As Rosiere is aware, service under Rule 5 of the Federal Rules of Civil Procedure provides that service of papers can be made by "mailing it to the person's last known address" or by electronic or other means if the receiving party has consented. The Ninth Circuit has clarified that service by mail means service by the U.S. Postal Service. See Magnuson v. Video Yesteryear, 85 F.3d 1424, 1430-31 (9th Cir. 1996) (holding that "Federal Express does not satisfy the requirements of Rule 5(b)"). Furthermore, the Ninth Circuit has stated that actual notice of the filings is not enough to cure ineffective service. Id. at 1431. The court found that the serving party must demonstrate "exceptional good cause" to justify non-compliance with Rule 5(b). Id. (noting exceptional good cause would exist where the receiving party had explicitly consented to service of papers by means other than U.S. mail on prior occasions).
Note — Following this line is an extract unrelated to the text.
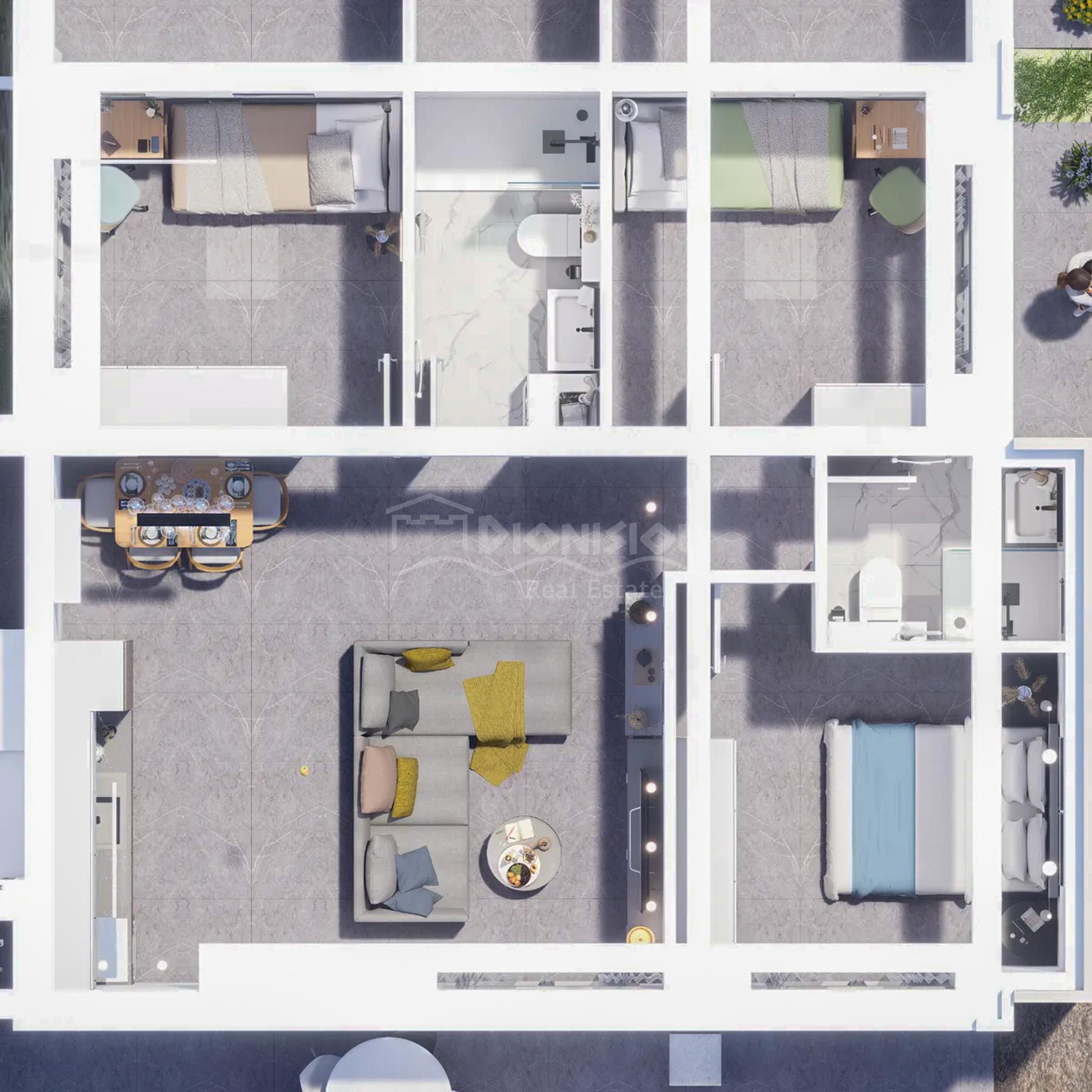 Апартамент состоит из гостиной с кухней, 3-х спален и 2-х ванных комнат.

Here, Rosiere's filing is an initial pleading that should have been served according to the provisions of Rule 4 of the Federal Rules of Civil Procedure. Because it concerns a different subpoena served by a different entity than the subpoenas which are the issue in the Complaint (Dkt. #1), Rosiere should have filed it as a separate miscellaneous action. Even if it was proper to file the motion in this matter and serve it pursuant to Rule 5, Rosiere's service was ineffective. The certificate of service attached to the motion states that "[Rosiere] hereby certifies that on October 23, 2009, a true and correct copy of the [motion] was sent by United States mail or other third party carrier or fax." See Certificate of Service (emphasis added). The Ninth Circuit has held that service under Rule 5 may only be made by U.S. mail. Magnason, 85 F.3d at 1430-31. Thus, even if it were appropriate to serve this motion pursuant to Rule 5, the Certificate of Service does not indicate how it was served.
Additionally, on the merits, the Right to Financial Privacy Act ("RFPA") does not apply to subpoenas served by state entities. 12 U.S.C. § 3405 states that a "Government authority may obtain financial records under section 3402(2) of this title pursuant to an administrative subpoena." However, the definitional section of the RFPA provides that "`[g]overnmental authority' means any agency or department of the United States, or any officer, employee, or agent thereof." 12 U.S.C. § 3401(3) (emphasis added). By its own terms, the RFPA does not apply to the subpoena served by the State of Florida's Office of Financial Regulation because it is not an agency or department of the United States' government.
Accordingly,
IT IS ORDERED that Plaintiff's Motion to Quash (Dkt. #3) is DENIED.